### DATA RECORDS
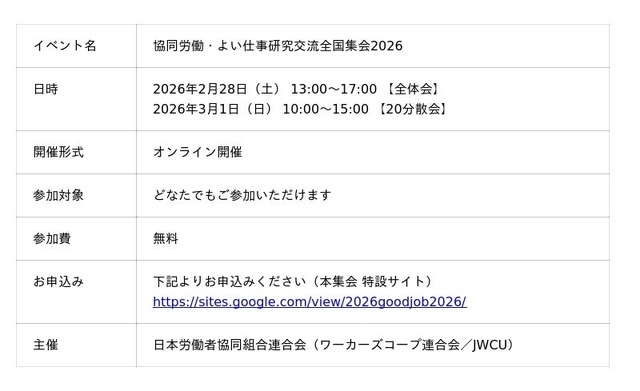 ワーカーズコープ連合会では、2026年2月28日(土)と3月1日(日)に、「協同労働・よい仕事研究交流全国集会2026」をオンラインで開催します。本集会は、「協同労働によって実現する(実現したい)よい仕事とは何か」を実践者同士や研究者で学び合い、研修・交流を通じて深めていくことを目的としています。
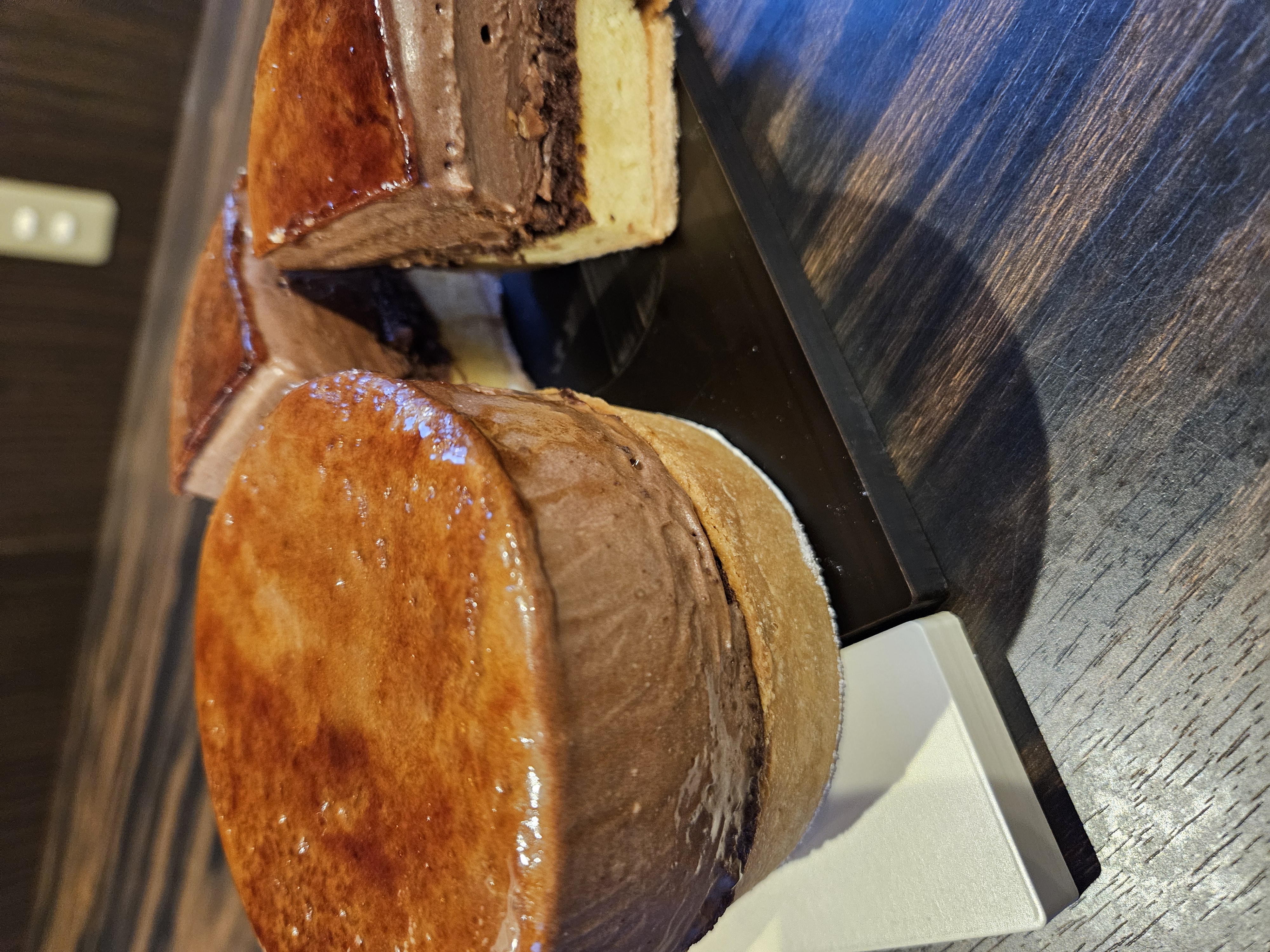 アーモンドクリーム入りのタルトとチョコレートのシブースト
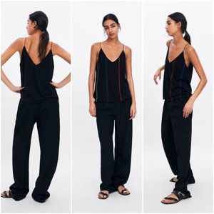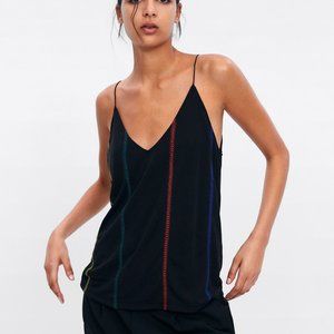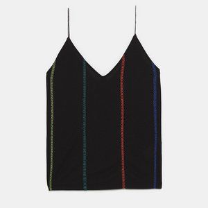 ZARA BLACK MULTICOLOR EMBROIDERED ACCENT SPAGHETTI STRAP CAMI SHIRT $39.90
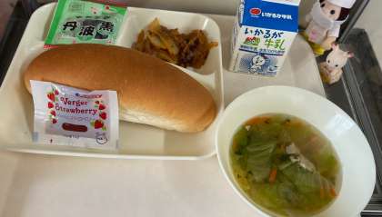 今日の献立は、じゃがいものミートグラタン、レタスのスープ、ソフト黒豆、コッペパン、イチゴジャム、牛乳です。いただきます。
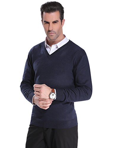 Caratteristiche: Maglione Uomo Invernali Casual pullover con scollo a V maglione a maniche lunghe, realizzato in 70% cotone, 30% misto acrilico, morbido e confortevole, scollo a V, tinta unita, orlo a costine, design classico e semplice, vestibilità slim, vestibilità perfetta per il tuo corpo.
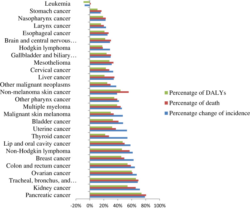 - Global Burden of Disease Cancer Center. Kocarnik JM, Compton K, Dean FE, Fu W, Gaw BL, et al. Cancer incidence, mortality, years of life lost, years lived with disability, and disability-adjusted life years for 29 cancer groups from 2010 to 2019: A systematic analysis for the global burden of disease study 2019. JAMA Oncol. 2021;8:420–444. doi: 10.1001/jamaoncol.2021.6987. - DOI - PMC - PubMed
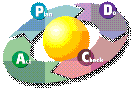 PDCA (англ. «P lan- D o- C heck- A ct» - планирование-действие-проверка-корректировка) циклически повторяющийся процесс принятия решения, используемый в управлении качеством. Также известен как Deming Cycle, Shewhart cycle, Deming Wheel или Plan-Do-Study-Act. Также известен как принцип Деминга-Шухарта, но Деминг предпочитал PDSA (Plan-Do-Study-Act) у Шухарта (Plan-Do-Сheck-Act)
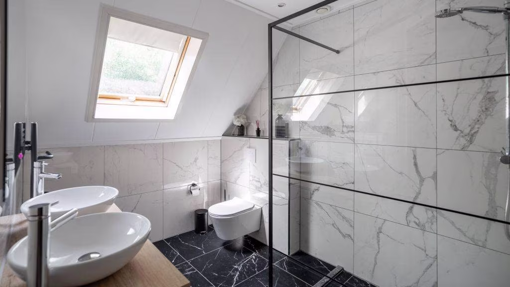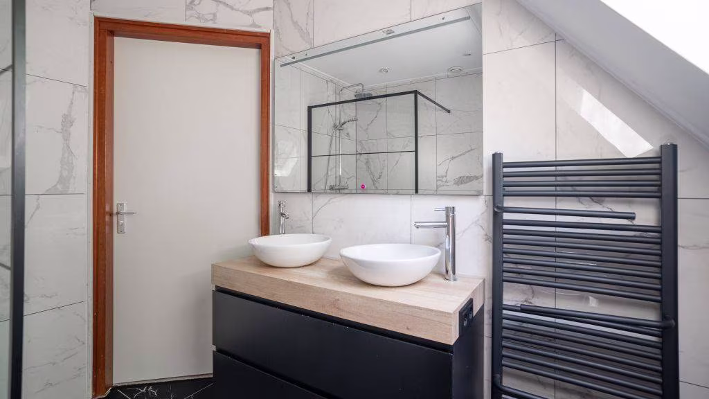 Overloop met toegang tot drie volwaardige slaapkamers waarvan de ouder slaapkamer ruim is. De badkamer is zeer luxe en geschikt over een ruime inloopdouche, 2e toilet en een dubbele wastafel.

### WHAT THIS TASK INVOLVES
An exact transcript of the listing is needed, free of pictures.

### TASK SOLUTION
 ワーカーズコープ連合会では、2026年2月28日(土)と3月1日(日)に、「協同労働・よい仕事研究交流全国集会2026」をオンラインで開催します。本集会は、「協同労働によって実現する(実現したい)よい仕事とは何か」を実践者同士や研究者で学び合い、研修・交流を通じて深めていくことを目的としています。
 アーモンドクリーム入りのタルトとチョコレートのシブースト
 ZARA BLACK MULTICOLOR EMBROIDERED ACCENT SPAGHETTI STRAP CAMI SHIRT $39.90
 今日の献立は、じゃがいものミートグラタン、レタスのスープ、ソフト黒豆、コッペパン、イチゴジャム、牛乳です。いただきます。
 Caratteristiche: Maglione Uomo Invernali Casual pullover con scollo a V maglione a maniche lunghe, realizzato in 70% cotone, 30% misto acrilico, morbido e confortevole, scollo a V, tinta unita, orlo a costine, design classico e semplice, vestibilità slim, vestibilità perfetta per il tuo corpo.
 - Global Burden of Disease Cancer Center. Kocarnik JM, Compton K, Dean FE, Fu W, Gaw BL, et al. Cancer incidence, mortality, years of life lost, years lived with disability, and disability-adjusted life years for 29 cancer groups from 2010 to 2019: A systematic analysis for the global burden of disease study 2019. JAMA Oncol. 2021;8:420–444. doi: 10.1001/jamaoncol.2021.6987. - DOI - PMC - PubMed
 PDCA (англ. «P lan- D o- C heck- A ct» - планирование-действие-проверка-корректировка) циклически повторяющийся процесс принятия решения, используемый в управлении качеством. Также известен как Deming Cycle, Shewhart cycle, Deming Wheel или Plan-Do-Study-Act. Также известен как принцип Деминга-Шухарта, но Деминг предпочитал PDSA (Plan-Do-Study-Act) у Шухарта (Plan-Do-Сheck-Act)
 Overloop met toegang tot drie volwaardige slaapkamers waarvan de ouder slaapkamer ruim is. De badkamer is zeer luxe en geschikt over een ruime inloopdouche, 2e toilet en een dubbele wastafel.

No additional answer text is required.